- Goal of the exercise: All of the data below should be set down again verbatim, without any images.

- Items from a dataset:
┏━━

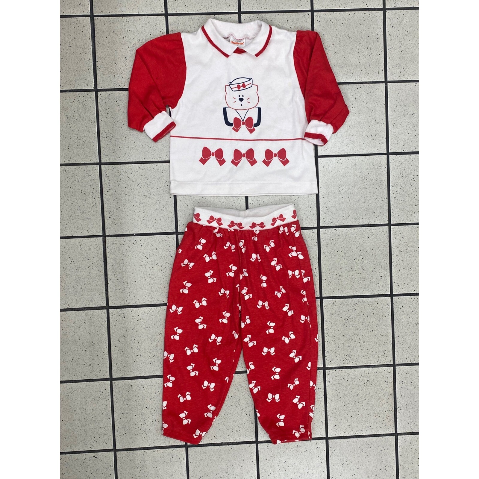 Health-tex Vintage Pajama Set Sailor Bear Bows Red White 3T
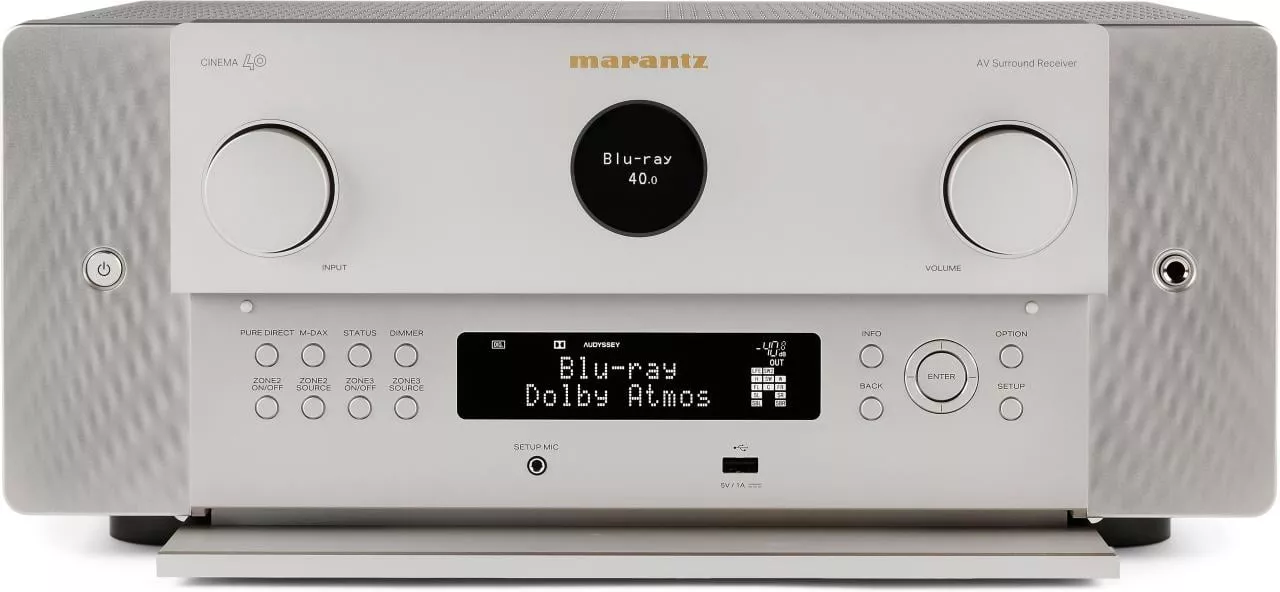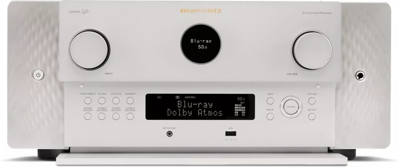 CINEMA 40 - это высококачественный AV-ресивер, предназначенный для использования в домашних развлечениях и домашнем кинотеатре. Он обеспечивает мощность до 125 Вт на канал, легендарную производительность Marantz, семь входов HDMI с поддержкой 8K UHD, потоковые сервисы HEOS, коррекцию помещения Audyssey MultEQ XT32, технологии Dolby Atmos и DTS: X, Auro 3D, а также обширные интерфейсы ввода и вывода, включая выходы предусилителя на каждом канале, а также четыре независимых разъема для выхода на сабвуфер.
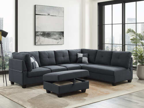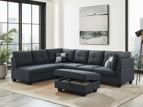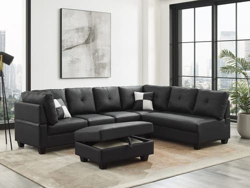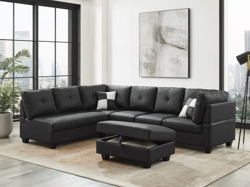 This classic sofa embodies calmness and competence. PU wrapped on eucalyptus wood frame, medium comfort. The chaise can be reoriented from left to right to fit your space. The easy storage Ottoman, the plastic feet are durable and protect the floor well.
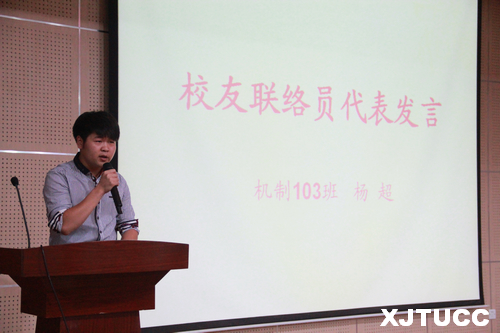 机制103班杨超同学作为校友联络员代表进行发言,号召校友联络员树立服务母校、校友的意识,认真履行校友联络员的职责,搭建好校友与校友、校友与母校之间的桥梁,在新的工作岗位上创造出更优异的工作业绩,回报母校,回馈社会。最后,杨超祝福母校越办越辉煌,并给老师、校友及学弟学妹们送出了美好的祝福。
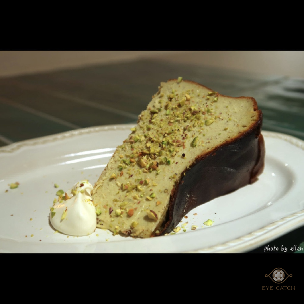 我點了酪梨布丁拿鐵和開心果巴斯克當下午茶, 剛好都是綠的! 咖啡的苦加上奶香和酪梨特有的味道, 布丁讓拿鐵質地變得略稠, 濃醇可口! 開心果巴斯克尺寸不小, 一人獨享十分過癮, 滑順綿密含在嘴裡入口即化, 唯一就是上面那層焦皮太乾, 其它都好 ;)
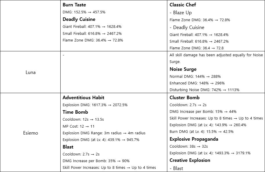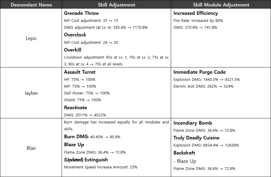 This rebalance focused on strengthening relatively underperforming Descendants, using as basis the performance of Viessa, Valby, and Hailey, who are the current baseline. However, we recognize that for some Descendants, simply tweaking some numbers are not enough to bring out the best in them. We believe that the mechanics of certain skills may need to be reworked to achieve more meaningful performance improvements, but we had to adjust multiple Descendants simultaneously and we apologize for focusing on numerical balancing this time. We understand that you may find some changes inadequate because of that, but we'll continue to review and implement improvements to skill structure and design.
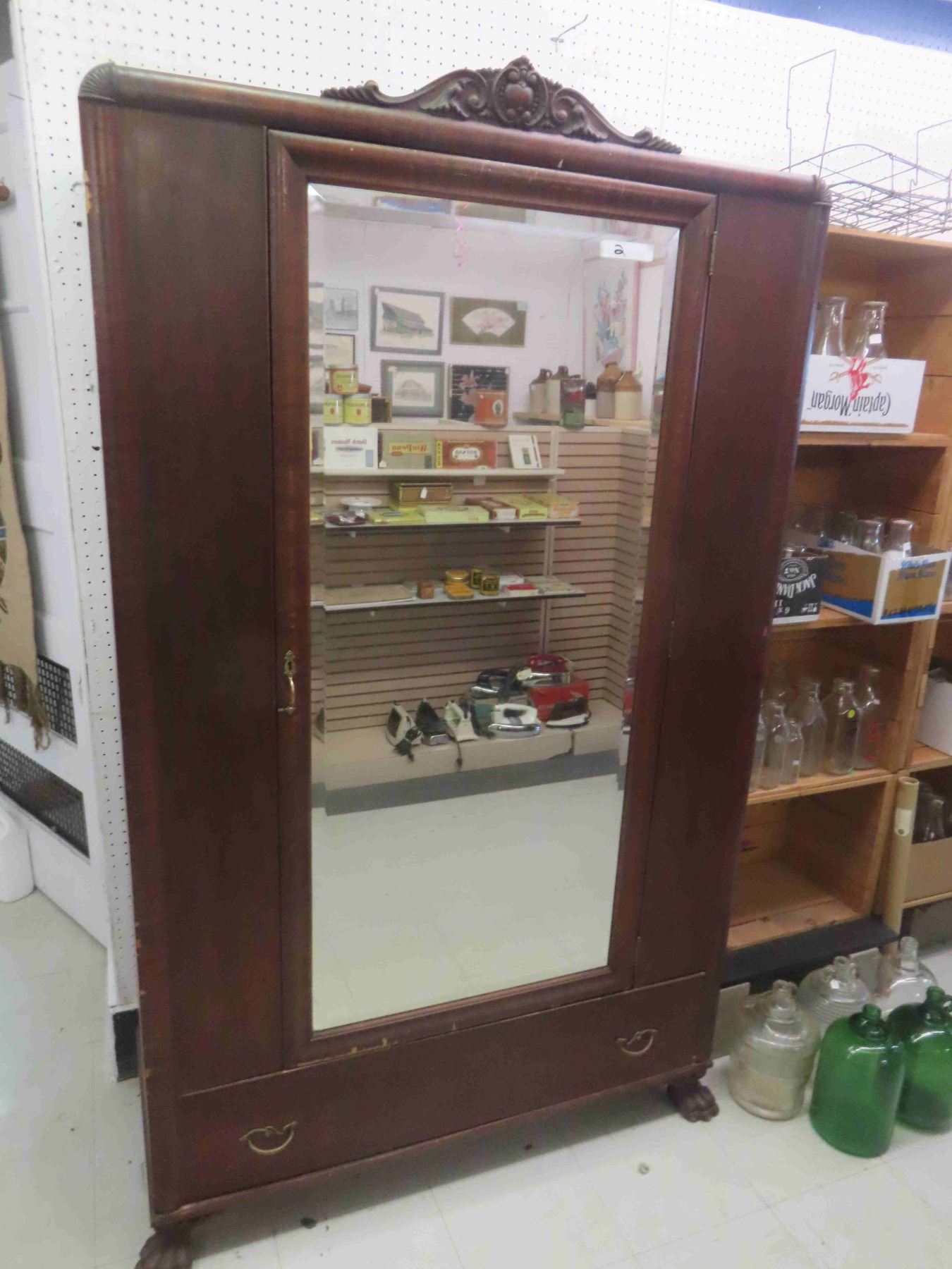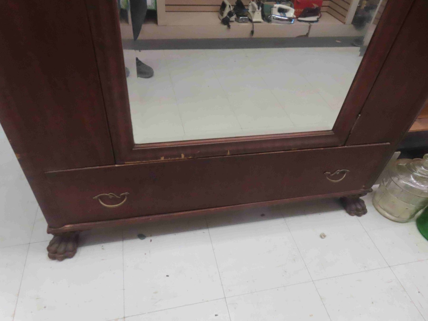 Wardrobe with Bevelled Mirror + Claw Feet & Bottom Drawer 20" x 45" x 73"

┗━━

- Task response:
 Health-tex Vintage Pajama Set Sailor Bear Bows Red White 3T
 CINEMA 40 - это высококачественный AV-ресивер, предназначенный для использования в домашних развлечениях и домашнем кинотеатре. Он обеспечивает мощность до 125 Вт на канал, легендарную производительность Marantz, семь входов HDMI с поддержкой 8K UHD, потоковые сервисы HEOS, коррекцию помещения Audyssey MultEQ XT32, технологии Dolby Atmos и DTS: X, Auro 3D, а также обширные интерфейсы ввода и вывода, включая выходы предусилителя на каждом канале, а также четыре независимых разъема для выхода на сабвуфер.
 This classic sofa embodies calmness and competence. PU wrapped on eucalyptus wood frame, medium comfort. The chaise can be reoriented from left to right to fit your space. The easy storage Ottoman, the plastic feet are durable and protect the floor well.
 机制103班杨超同学作为校友联络员代表进行发言,号召校友联络员树立服务母校、校友的意识,认真履行校友联络员的职责,搭建好校友与校友、校友与母校之间的桥梁,在新的工作岗位上创造出更优异的工作业绩,回报母校,回馈社会。最后,杨超祝福母校越办越辉煌,并给老师、校友及学弟学妹们送出了美好的祝福。
 我點了酪梨布丁拿鐵和開心果巴斯克當下午茶, 剛好都是綠的! 咖啡的苦加上奶香和酪梨特有的味道, 布丁讓拿鐵質地變得略稠, 濃醇可口! 開心果巴斯克尺寸不小, 一人獨享十分過癮, 滑順綿密含在嘴裡入口即化, 唯一就是上面那層焦皮太乾, 其它都好 ;)
 This rebalance focused on strengthening relatively underperforming Descendants, using as basis the performance of Viessa, Valby, and Hailey, who are the current baseline. However, we recognize that for some Descendants, simply tweaking some numbers are not enough to bring out the best in them. We believe that the mechanics of certain skills may need to be reworked to achieve more meaningful performance improvements, but we had to adjust multiple Descendants simultaneously and we apologize for focusing on numerical balancing this time. We understand that you may find some changes inadequate because of that, but we'll continue to review and implement improvements to skill structure and design.
 Wardrobe with Bevelled Mirror + Claw Feet & Bottom Drawer 20" x 45" x 73"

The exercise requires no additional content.